KR101062883B1 - Fiberglass Reinforced Plastic Manholes and Manufacturing Method Thereof - Google Patents

Abstract

The present invention relates to a manhole formed by laminating glass fiber reinforced plastic (GRP) and a manufacturing method thereof, including: a manhole body formed by laminating reinforcing fibers; And a lower slab coupled to the lower portion of the manhole body and formed by reinforced concrete, wherein the lower slab comprises: a first reinforcing bar provided to provide rigidity to the concrete; And a second rebar disposed through the inner wall of the manhole body. These glass fiber reinforced plastic manholes have no leaks and are excellent in corrosion resistance, and are simple to cut and join in the field, which can reduce manpower and shorten air, and the first slab and manhole for reinforcing lower slab Since the second reinforcing bar is included for coupling with the main body, the coupling force to the lower slab of the manhole body can be increased to prevent cracking between the manhole main body and the lower slab due to the change of ground conditions during the movement of the manhole or after construction. .

Manhole, GRP, fiber reinforced, slab

Description

Glass Fiber Reinforced Plastic Manhole and Manufacturing Method Thereof {GLASS FIBER REINFORCED PLASTIC MANHOLE AND METHOD FOR FABRICATING THE SAME}

The present invention relates to a manhole and a method for producing the laminated glass fiber.

In general, the manhole is installed on the sewage pipe at regular intervals to adjust the slope of the pipe, drain the sewage from the inlet pipe formed in various directions, or induce collection, and check, clean, and vent in the pipe. It is a sewage facility installed for.
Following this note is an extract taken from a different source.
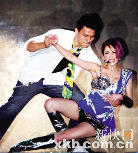 趁新專輯《3面夏娃》大賣,El-va9日晚在臺中舉辦表演秀,并以性感舞衣及14首金曲答謝粉絲,最矚目的是她身穿單肩閃電圖案上衣,秀出鑲鉆Bra-top及性感熱褲,配合鑲滿鉆石的眼鏡道具,加上她與籃球隊(duì)選手陳志忠大跳辣舞,掀起全晚高潮!不過Elva這個“半盲”造型彩排時,不慎差錯腳,幾乎從3米高臺墜下,幸好有驚無險。經(jīng)紀(jì)人抹一把汗之余,立即將保險額加碼至2000萬港元。

Traditional manhole is a method of manufacturing formwork in the field and reinforcing concrete in the formwork, which can be constructed according to the site conditions.

However, when attaching the branch pipe, since the opening is formed in the inner and outer molds, it is impossible to work precisely according to the outer diameter of the tube due to the characteristics of the formwork, and the strength of the connection after the connection may be weakened. If the ground load acts differently, a bending stress is applied to the connection part, so that a crack may easily occur in the connection part.

Moreover, the manhole of this type of cast-in-place can not be height-adjusted when repacking, it is impossible to winter and underwater construction, it needs long-term curing (at least one week), causing the air to be long, and the skill of the worker There is a problem in that the quality of the construction shows a big difference.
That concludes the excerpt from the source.